▶ [Task prompt]: Reproduce exactly the lines from the one that holds "W tym roku, również" through the last line of the entries, both ends included, but not the pictures.
*** Opening Data supplied ***
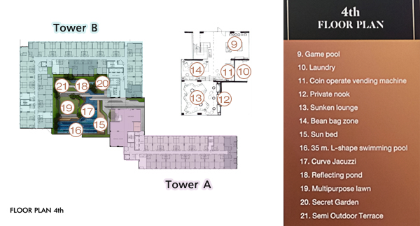 Floor Plan ชั้น 4 : มีทั้งสิ่งอำนวยความสะดวกและห้องพักอาศัย
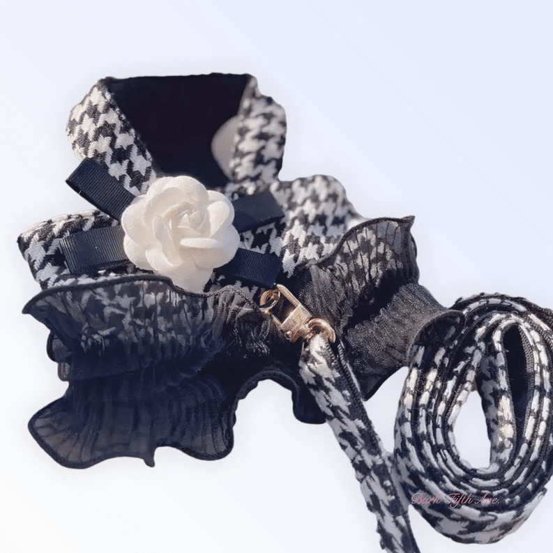 Chic and stylish! This gorgeous houndstooth harness and leash set are sure to impress! Featuring a ruffled tutu and classy camellia rose. Chest - Length   XS- 32 - 17     S- 36 - 21      M - 40 - 22       L- 44 - 25       XL- 50 - 28
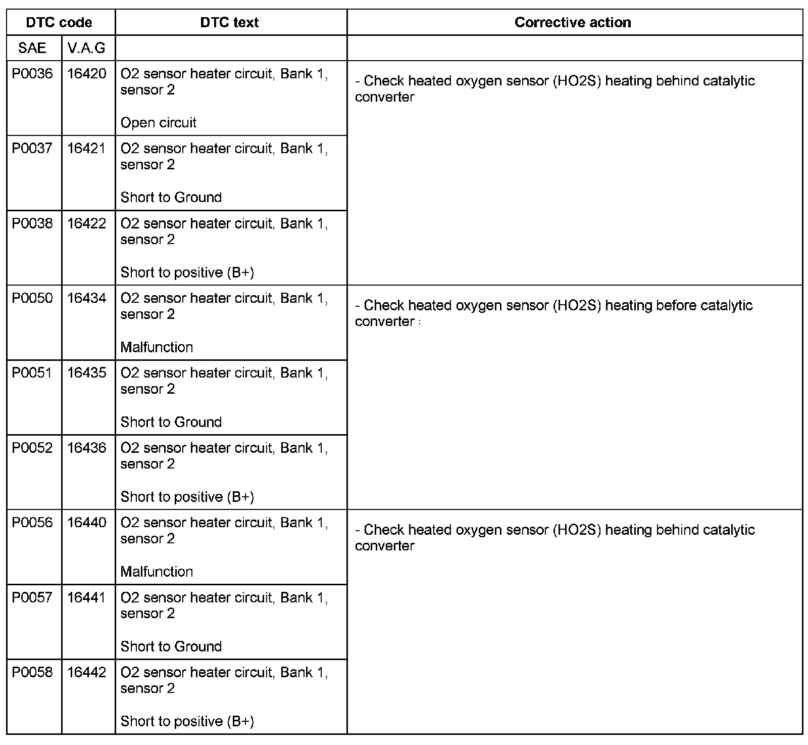 DTC P0036 - P0058:
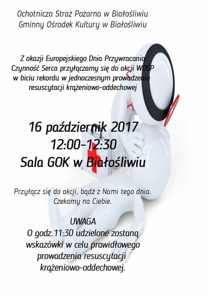 W tym roku, również i nasza jednostka postanowiła dołączyć do tego wydarzenia w związku z czym zapraszamy Państwa już w najbliższy poniedziałek na godzinę 11:30 do Gminnego Ośrodka Kultury w Białośliwiu gdzie dołożymy swoją cegiełkę do tego wydarzenia. Start wydarzenia o godz, 12:00, natomiast od godziny 11:30 będzie można sobie na spokojnie poćwiczyć.
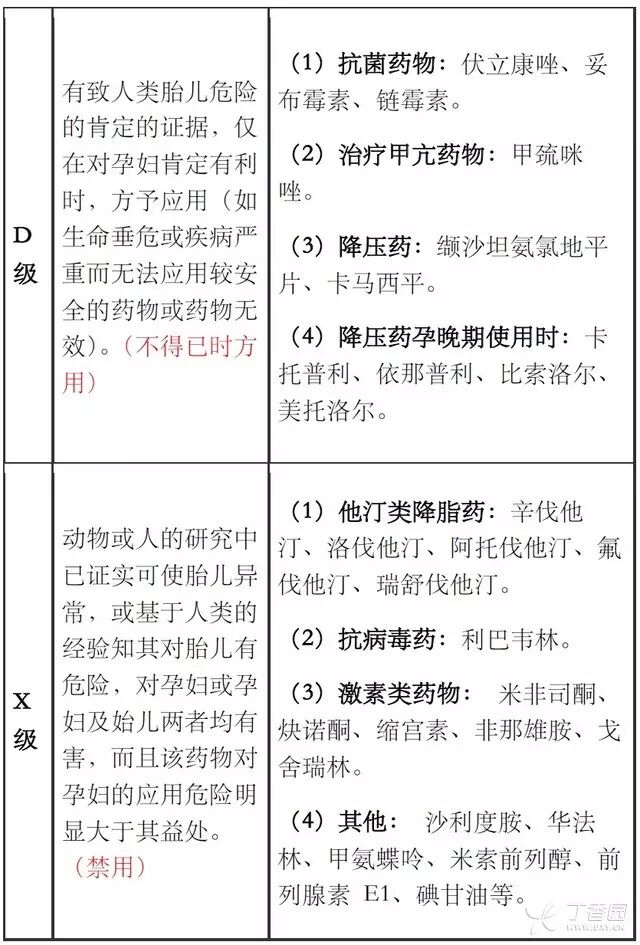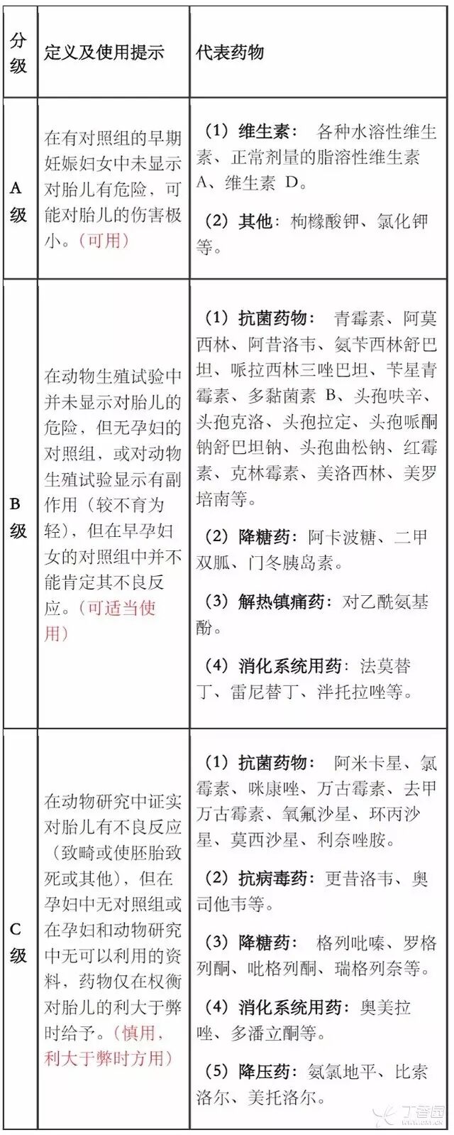 妊娠期用药安全等级:美国 FDA 根据药物对胎儿的危害性将其分为以下 5 级:
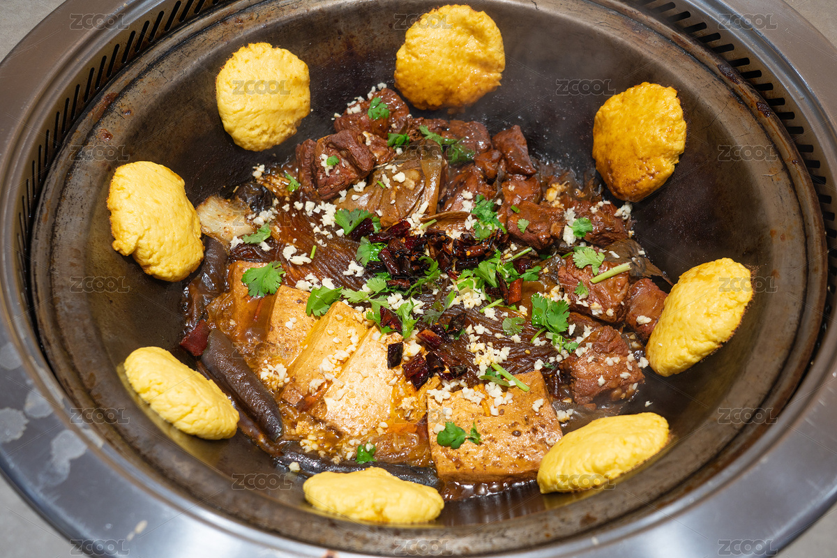 铁锅炖,牛肉,豆腐,贴饼,香菜,辣椒,食材,美食,炖煮,菜肴
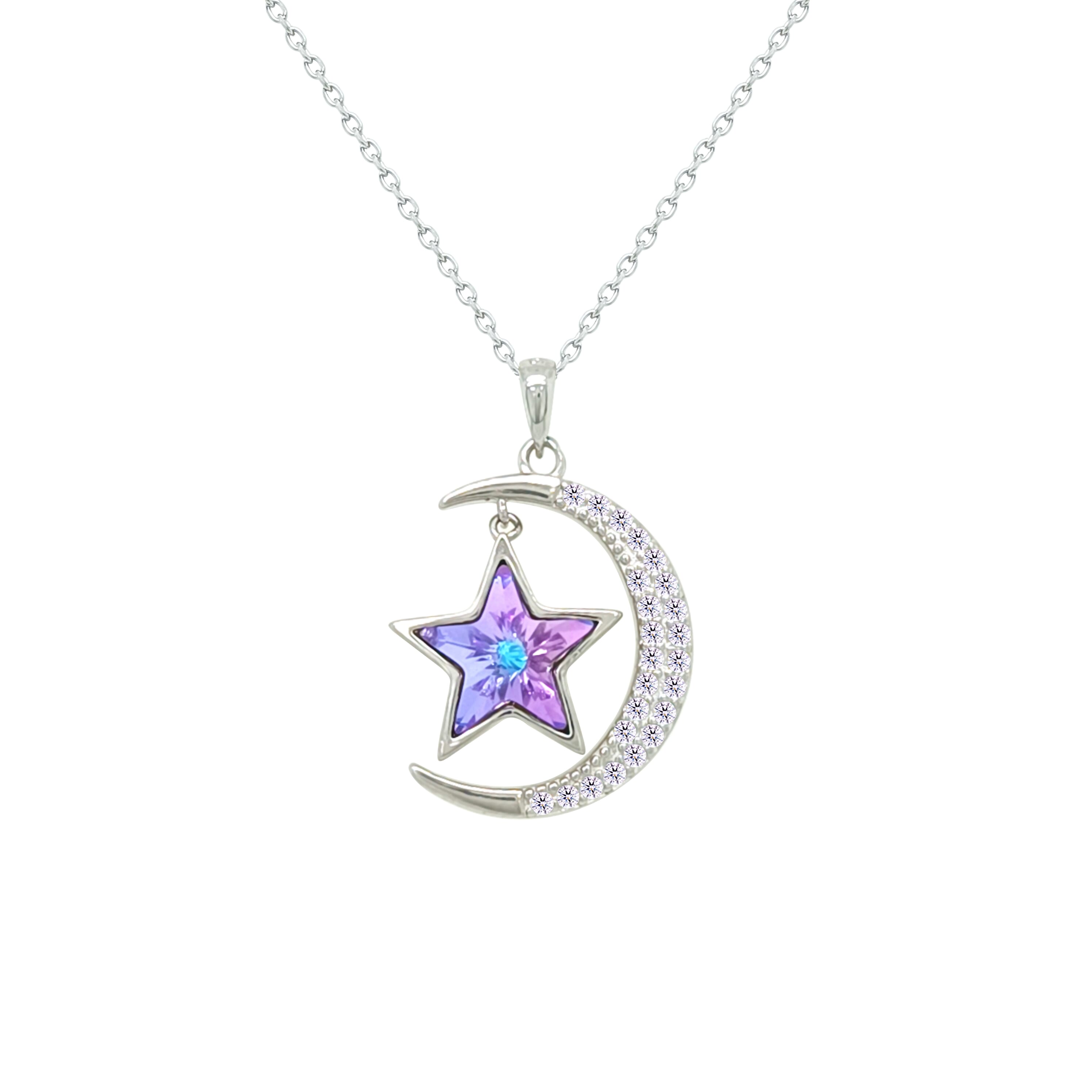 Asfour Crystal Chain Necklace With Muti Color Crescent & Star Design In 925 Sterling Silver-NM0093-WXBN
*** Closing Data supplied ***
▶ [Result]:
 W tym roku, również i nasza jednostka postanowiła dołączyć do tego wydarzenia w związku z czym zapraszamy Państwa już w najbliższy poniedziałek na godzinę 11:30 do Gminnego Ośrodka Kultury w Białośliwiu gdzie dołożymy swoją cegiełkę do tego wydarzenia. Start wydarzenia o godz, 12:00, natomiast od godziny 11:30 będzie można sobie na spokojnie poćwiczyć.
 妊娠期用药安全等级:美国 FDA 根据药物对胎儿的危害性将其分为以下 5 级:
 铁锅炖,牛肉,豆腐,贴饼,香菜,辣椒,食材,美食,炖煮,菜肴
 Asfour Crystal Chain Necklace With Muti Color Crescent & Star Design In 925 Sterling Silver-NM0093-WXBN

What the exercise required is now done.